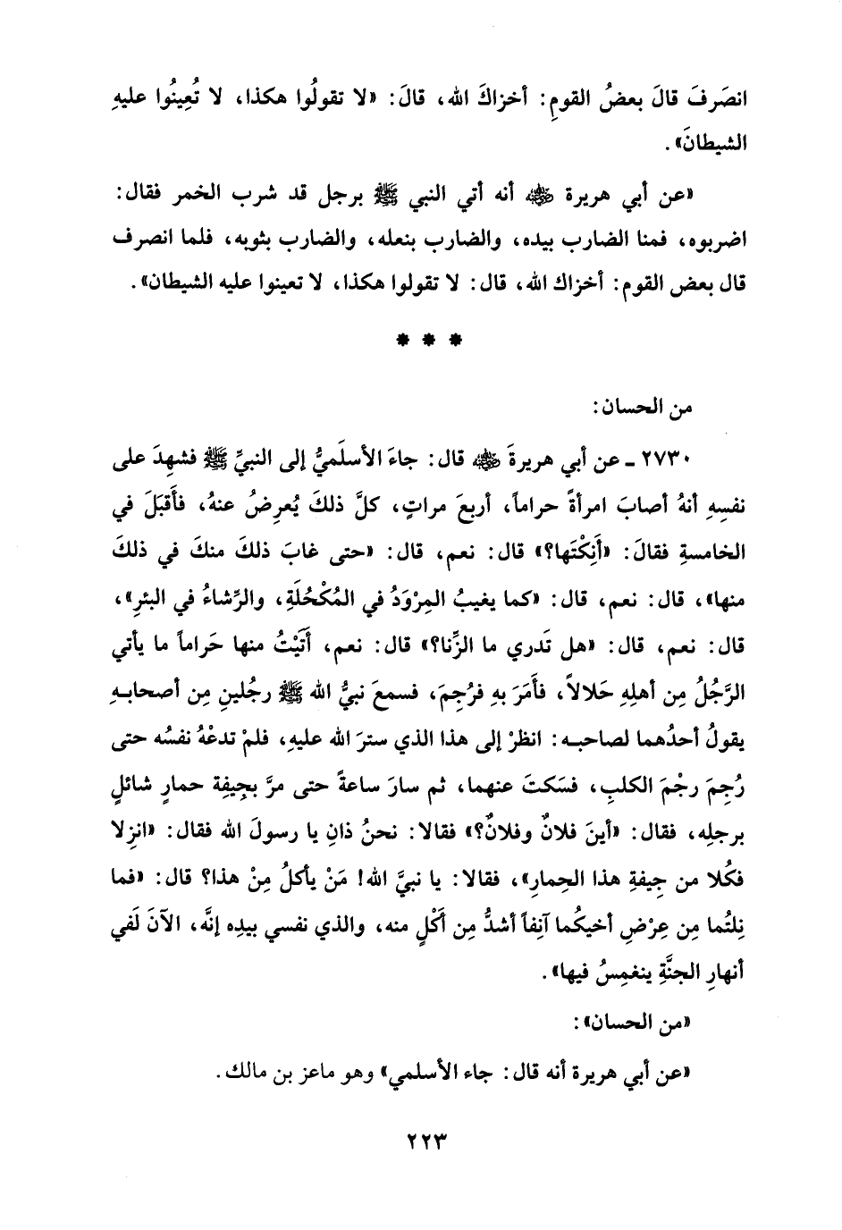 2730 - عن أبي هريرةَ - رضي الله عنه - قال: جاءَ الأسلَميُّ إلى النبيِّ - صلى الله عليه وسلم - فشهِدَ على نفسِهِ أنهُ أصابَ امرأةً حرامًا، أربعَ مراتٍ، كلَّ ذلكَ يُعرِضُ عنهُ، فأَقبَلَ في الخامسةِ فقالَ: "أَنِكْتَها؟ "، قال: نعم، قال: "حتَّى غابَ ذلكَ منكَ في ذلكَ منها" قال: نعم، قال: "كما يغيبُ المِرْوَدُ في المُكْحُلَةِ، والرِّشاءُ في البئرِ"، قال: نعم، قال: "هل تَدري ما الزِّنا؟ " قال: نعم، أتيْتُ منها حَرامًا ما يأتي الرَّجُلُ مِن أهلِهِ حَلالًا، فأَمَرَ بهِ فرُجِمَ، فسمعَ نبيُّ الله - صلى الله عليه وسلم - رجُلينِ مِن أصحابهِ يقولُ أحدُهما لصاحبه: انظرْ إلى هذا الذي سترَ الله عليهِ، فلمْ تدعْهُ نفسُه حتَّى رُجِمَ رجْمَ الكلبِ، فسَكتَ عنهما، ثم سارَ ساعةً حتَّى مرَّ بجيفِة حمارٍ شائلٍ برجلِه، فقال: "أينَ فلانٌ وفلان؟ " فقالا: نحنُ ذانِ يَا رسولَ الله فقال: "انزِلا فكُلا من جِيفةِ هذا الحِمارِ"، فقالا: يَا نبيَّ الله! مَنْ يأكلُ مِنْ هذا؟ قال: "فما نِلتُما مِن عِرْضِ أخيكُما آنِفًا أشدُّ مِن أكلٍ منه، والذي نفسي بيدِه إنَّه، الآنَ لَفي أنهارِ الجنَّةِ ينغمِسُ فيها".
○ ○ ○ ○ ○ ○ ○
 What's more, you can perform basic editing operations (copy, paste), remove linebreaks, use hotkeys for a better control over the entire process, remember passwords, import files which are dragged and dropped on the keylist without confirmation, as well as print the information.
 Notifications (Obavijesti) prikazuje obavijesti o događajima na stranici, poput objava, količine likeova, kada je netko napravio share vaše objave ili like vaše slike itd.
○ ○ ○ ○ ○ ○ ○
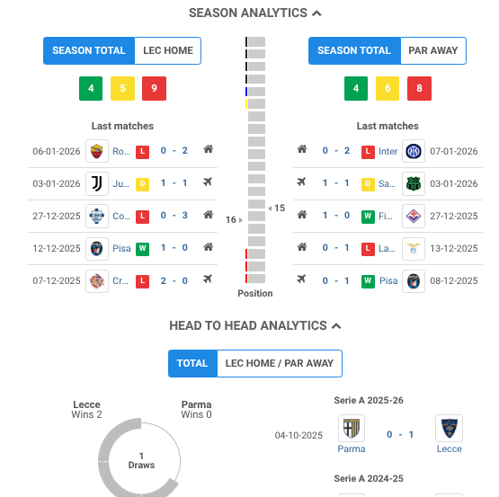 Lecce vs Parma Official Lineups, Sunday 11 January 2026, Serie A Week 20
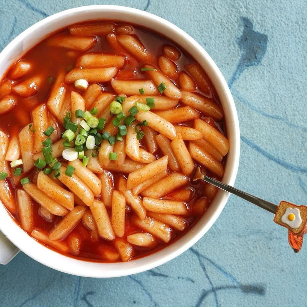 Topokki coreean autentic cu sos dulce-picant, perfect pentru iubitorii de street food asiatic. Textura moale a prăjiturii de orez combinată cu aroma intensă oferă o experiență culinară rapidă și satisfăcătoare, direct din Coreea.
○ ○ ○ ○ ○ ○ ○
Work instructions: Retype the lines above exactly as they appear, from the line containing "Lecce vs Parma" through the line containing "Topokki coreean autentic", and leave out any pictures.

Solution for this problem:
 Lecce vs Parma Official Lineups, Sunday 11 January 2026, Serie A Week 20
 Topokki coreean autentic cu sos dulce-picant, perfect pentru iubitorii de street food asiatic. Textura moale a prăjiturii de orez combinată cu aroma intensă oferă o experiență culinară rapidă și satisfăcătoare, direct din Coreea.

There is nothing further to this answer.